It looks like your CL system cannot do teil recursion optimization.
Anyway, a non-recursive version is here
(defun get-words (filename)
(with-open-file (f filename :direction :input)
(loop for line = (read-line f nil '$$get-word-eof$$)
when (eq line '$$get-word-eof$$)
do (return words)
collect line into words)))
Cheers
--
Marco Antoniotti ===========================================
PARADES, Via San Pantaleo 66, I-00186 Rome, ITALY
tel. +39 - 06 68 10 03 17, fax. +39 - 06 68 80 79 26
http://www.parades.rm.cnr.it/~marcoxa
Marco Antoniotti <·······@parades.rm.cnr.it> writes:
> Joseph Dale <·····@uclink4.berkeley.edu> writes:
>
> It looks like your CL system cannot do teil recursion optimization.
>
> Anyway, a non-recursive version is here
>
> (defun get-words (filename)
> (with-open-file (f filename :direction :input)

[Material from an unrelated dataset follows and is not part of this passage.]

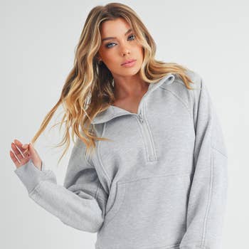 7,8 onces, molleton 50/50 coton/poly Fil à jet d'air pour plus de douceur Capuche double épaisseur avec cordons assortis Étiquette amovible pour plus de confort et de rebranding Coutures latérales avec un corps profilé pour une coupe féminine Fermeture éclair en métal YKK Poches avant
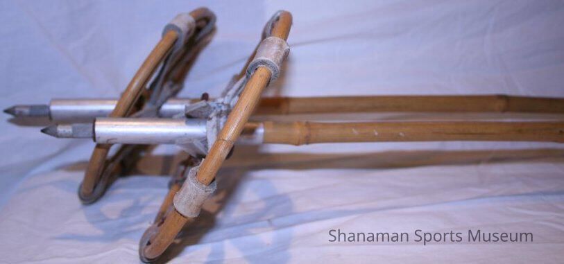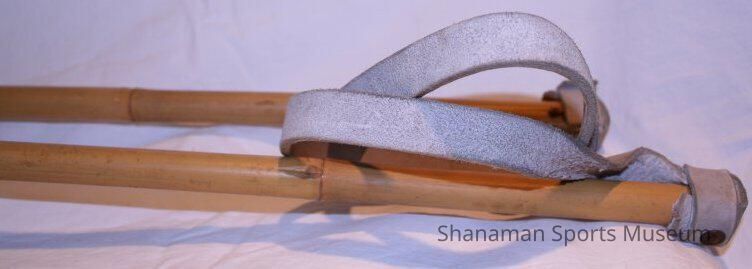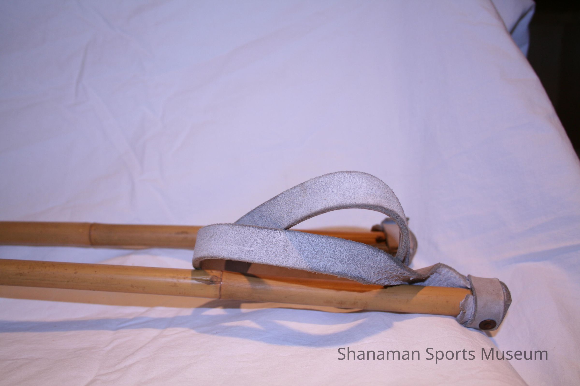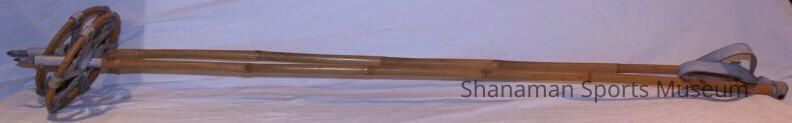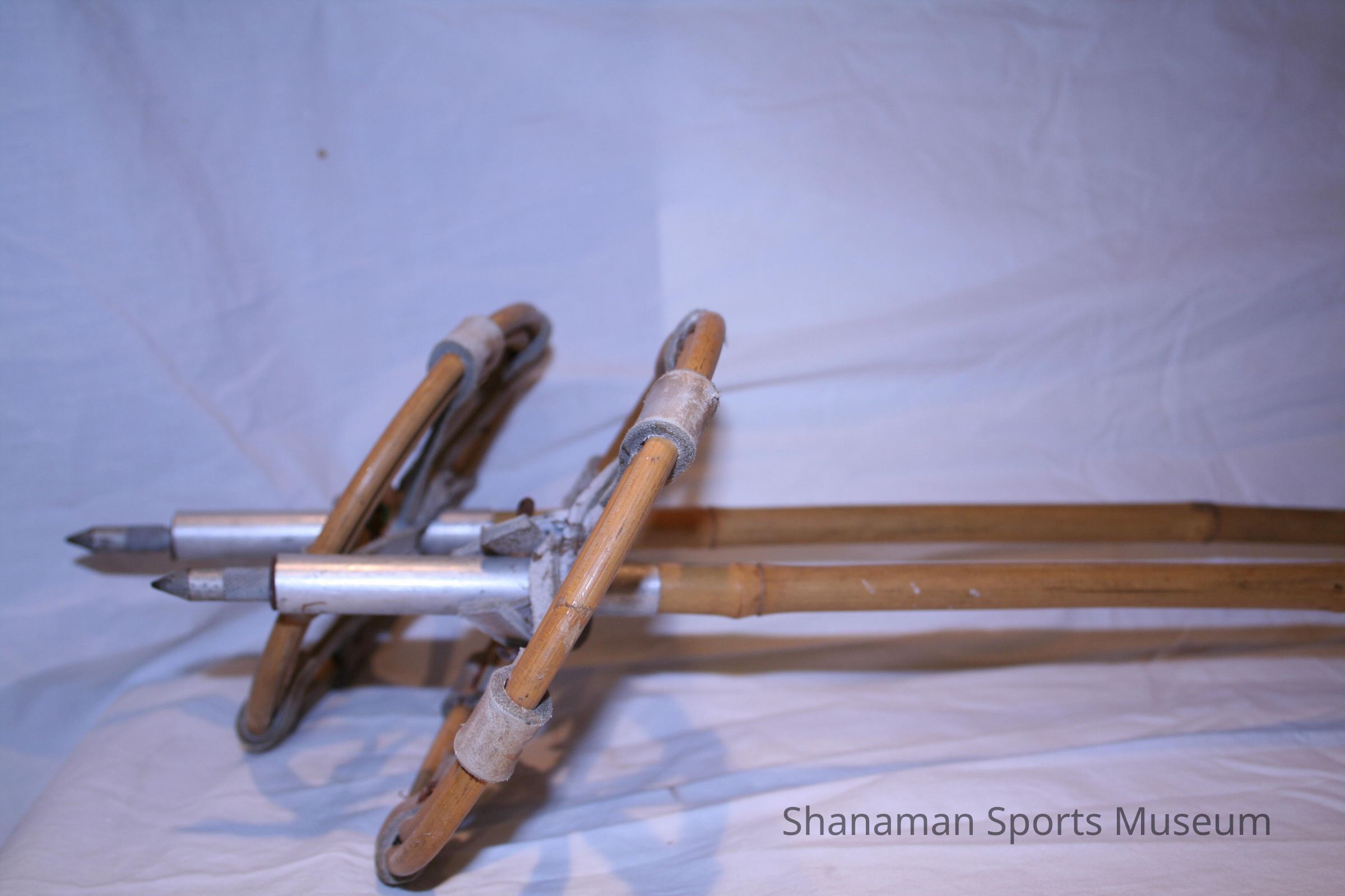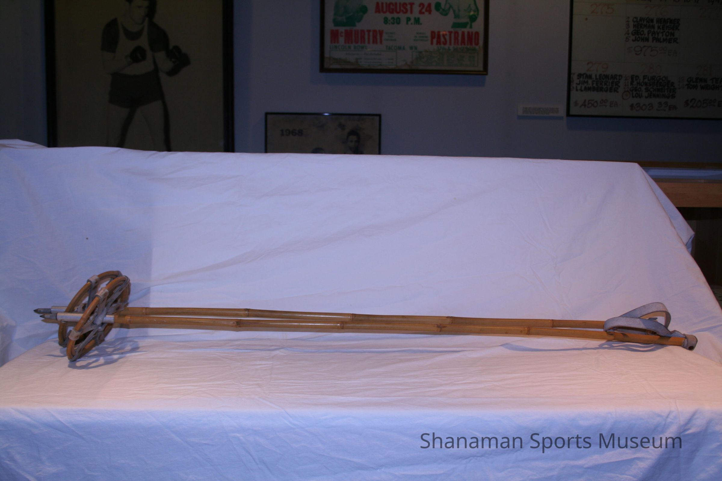 These 1920s-era ski poles were donated by 1942 National Combined Champion Shirley Fopp. With their oversized baskets, these bamboo poles were typical of those used by skiers on Mount Rainier at the time. Bamboo is lightweight, making it ideal for ski poles. Some still use bamboo poles today. However, aluminum and carbon fiber poles are much more common.Lexicon

> (loop for line = (read-line f nil '$$get-word-eof$$)
> when (eq line '$$get-word-eof$$)
> do (return words)
> collect line into words)))
>
Since we are at it....
(defun get-words (filename)
(with-open-file (f filename :direction :input)
(labels ((read-loop (f lines)
(let ((line (read-line f nil '$$get-word-eof$$)))
(if (eq line '$$get-word-eof$$)
lines
(read-loop f (cons line lines))))))
(nreverse (read-loop f ())))))
Of course, if your CL compiler does not do tail recursion elimination,
this second function will stack overflow on large files.
Cheers
--
Marco Antoniotti ===========================================
PARADES, Via San Pantaleo 66, I-00186 Rome, ITALY
tel. +39 - 06 68 10 03 17, fax. +39 - 06 68 80 79 26
http://www.parades.rm.cnr.it/~marcoxa
Marco Antoniotti wrote:
>
> Since we are at it....
>
> (defun get-words (filename)
> (with-open-file (f filename :direction :input)
> (labels ((read-loop (f lines)
> (let ((line (read-line f nil '$$get-word-eof$$)))
> (if (eq line '$$get-word-eof$$)
> lines
> (read-loop f (cons line lines))))))
> (nreverse (read-loop f ())))))
>
> Of course, if your CL compiler does not do tail recursion elimination,
> this second function will stack overflow on large files.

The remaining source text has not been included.